Pastor James Hopkins preached this sermon on the twentieth Sunday after Trinity 10/17/2021. The service was broadcast live on Facebook at 11:00am, and is now available on the FLC youtube channel. To follow along from home, the bulletin is available as a PDF: Trinity20 Bulletin

The text for the sermon was the day’s gospel lesson. To read the Bible texts for the Twentieth Sunday after Trinity, click here. 


The Word of God exposes uncomfortable realities. What we have always thought about ourselves and this world is wrong. What is comfortable, what makes sense, and what we know from experience is wrong. What we think about God, what we think about man, what we expect from life: it is all wrong.
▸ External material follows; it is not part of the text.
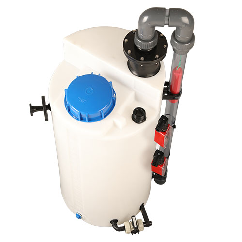 - geschlossener, runder, zylindrischer, stehender Behälter mit Schraubdeckel blau und Dichtung - Werkstoff: UV-Stabilisiertes Polyethylen, lebensmittelecht - Farbe: natur transparent - nahtlos im Rotationsschmelzverfahren hergestellt. - eingeformte Literskala und mitgeformte Montagebrücke für Dosierpumpen, Rührwerke, Handstampfmischer, Handrührwerke etc. - stoß- und schlagfest - 3/4" Auslauf (Innengewinde) mit Stopfen, Auslauf nicht aufgebohrt ausgerüstet mit: - seitlich eingeschweißtem PE Stutzen mit V-Bund und PP/ST Flansch DN 15, d 20 mm - oben aufgeschweißten Verschraubungsanschluss aus PE, DN 25, d 32 mm - innenliegendes Führungsrohr aus PE mit Schwimmer, Anzeige erfolgt über Seilzug und außenliegender Füllstandsanzeige aus PVC Transparent mit PP Schwimmer und 2 Stück Bi-stabile Schwimmerschalter Typ BSM - aufgeschweißte PE Rohrklemmen aus PE zur Aufnahme der Füllstandsanzeige - eingeschweißtem PE Bogen mit 2- Wege Ablaufkugelhahn DN 15, da 20 mm aus PP/EPDM und aufgeschweißter PE Rohrklemme Andere Ausführungen auf Anfrage kurzfristig möglich. |

In His Word, God calls us to a position of weakness and vulnerability, of faith in things that we cannot see or control. What we can see – a man hanging on a cross, His followers persecuted and martyred, poverty and hunger – what we can see, we do not like. There are a million reasons for rejecting the Gospel; and so, it should be no surprise that it is rejected so often.

Among the uncomfortable realities God’s Word exposes is this: that Jesus is not a universalist. In perfect love, by His perfect life, His suffering and His death, He has reconciled all the world, the cosmos, the universe to His Father. He has made atonement for the sins of the whole world, even for those who will reject it and not benefit from it eternally.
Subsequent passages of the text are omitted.